Die Vorteile eines Gießofens sind natürlich der geringere Temperaturverlust und die durch die Beheizung erreichbare konstante Temperatur, die Analysengenauigkeit, die längere Speicherung des flüssigen Metalls und der Umstand, dass das Befüllen mit frischem Metall ohne Unterbrechung des Gießprozesses erfolgen kann. Hierdurch ist es möglich, kontinuierlich abgießen zu können.

Wie bereits in einer früheren Veröffentlichung in dieser Zeitschrift berichtet wurde [2], ist hinsichtlich des Energieverbrauchs – bezogen auf einen Mehrschichtbetrieb – der Gießofen im Vorteil. Dabei wurden die Verbrauchswerte für die Kompensation der Temperaturverluste berücksichtigt.

 

Gießöfen für Gusseisen

Baugrößen
Das Konzept eines druckbetätigten Gießofens mit Stopfensteuerung wird als bekannt vorausgesetzt, sodass nachstehend nur auf einzelne Neuentwicklungen eingegangen wird.

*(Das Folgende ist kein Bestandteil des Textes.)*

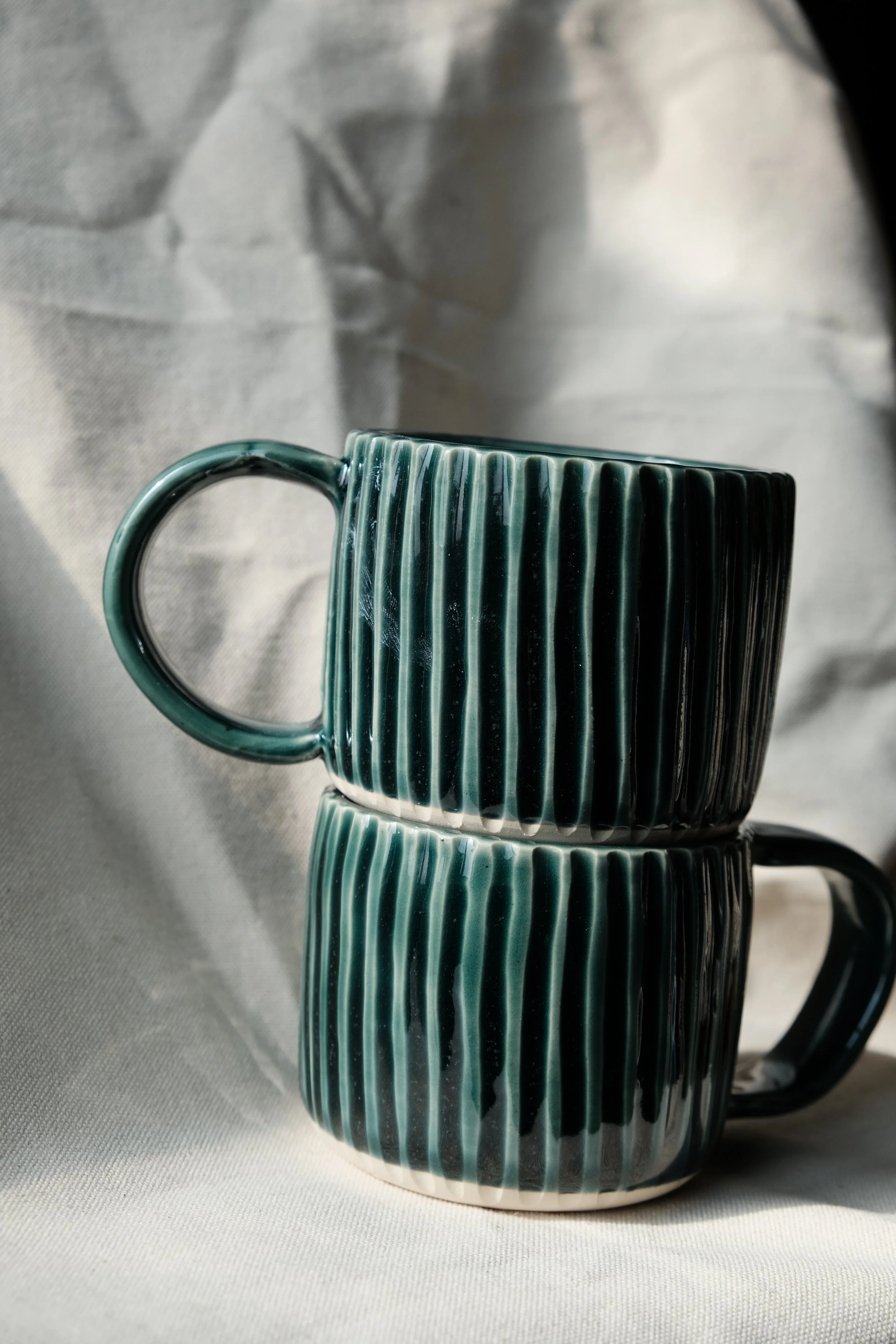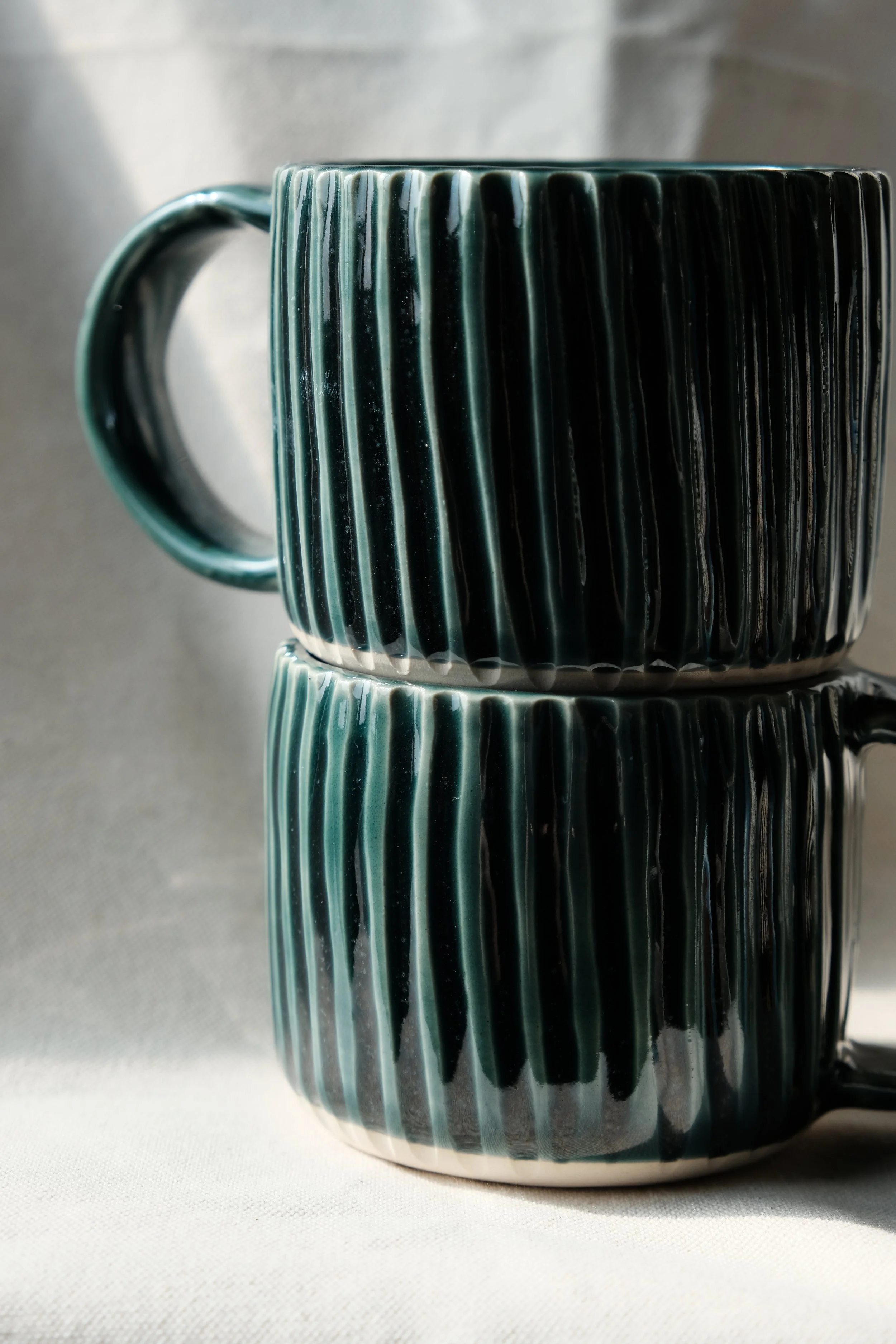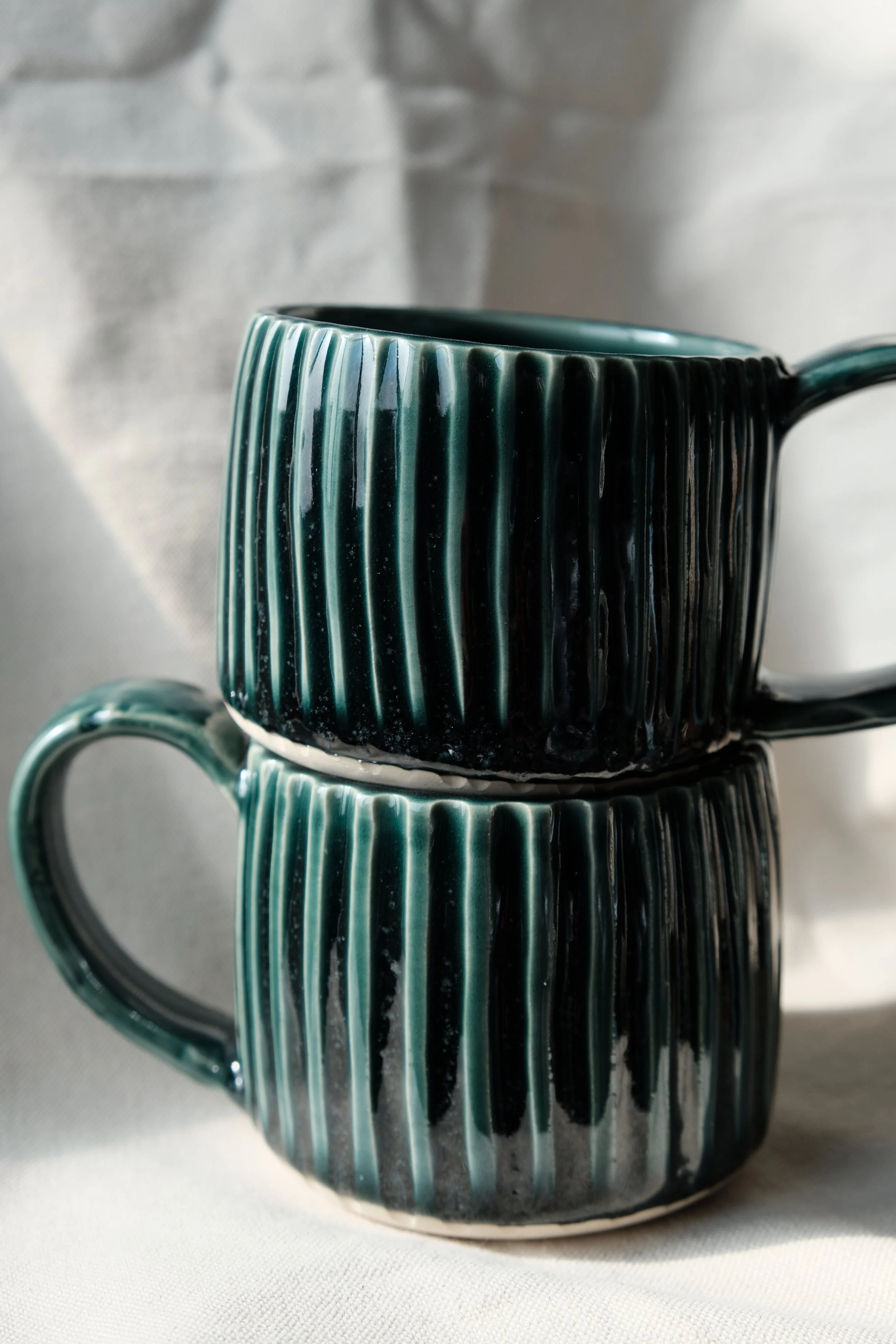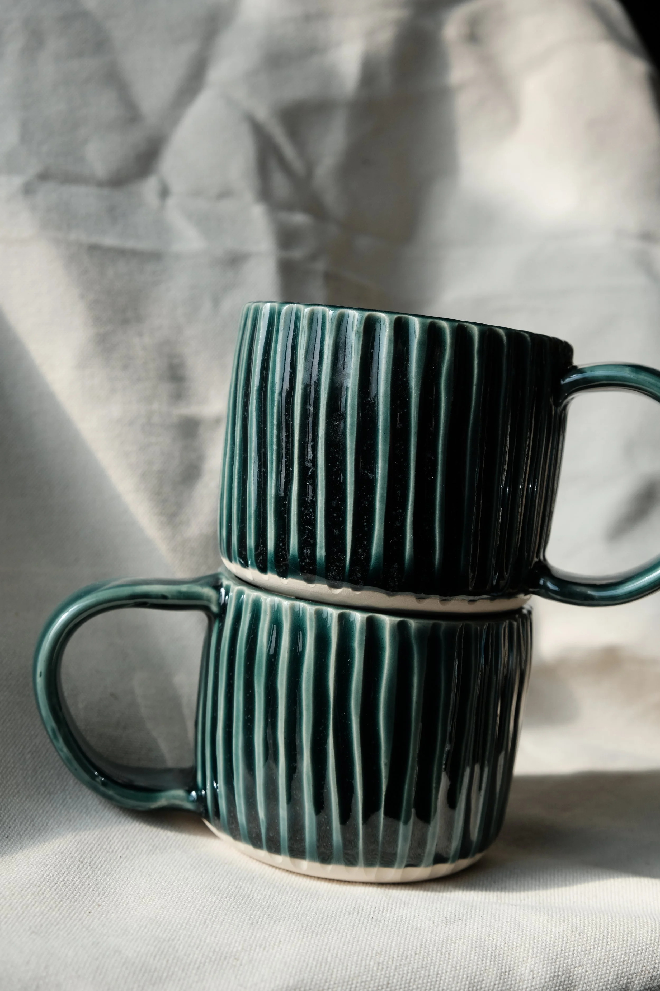 These emerald green cups are the perfect matching pair with a slight dimple for a thumb for a more comfortable grip. The green is a deep jewel tone and has a super glossy finish.

Die Grunddaten realisierter Gießofenprojekte (Bild 1) zeigen das breite Spektrum in Bezug auf das Fassungsvermögen und die Leistungseinspeisung.

Betrachtet man den Warmhaltwert, so zeigt sich, dass im Vergleich zum Rinnenofen die Gießöfen im Durchschnitt mit einer höheren Überhitzungsleistung ausgeführt werden. Üblich ist die Guslegung so, dass eine Überhitzung von 90 – 110 K in einer Stunde möglich ist. Dies ist dadurch begründet, dass beim Einsatz eines Gießofens in manchen Einsatzfällen – wenn die Eingießtemperatur zu niedrig ist – in kurzer Zeit eine Überhitzung vorgenommen werden muss, um möglichst schnell nach dem Füllen mit frischem flüssigem Metall die gewünschte Gießtemperatur wieder erreichen zu können. Das geringe Speichervolumen – insbesondere wenn der Gießofen bis auf den Sumpf entleert ist – ist ür den benötigten Temperaturausgleich nicht ausreichend.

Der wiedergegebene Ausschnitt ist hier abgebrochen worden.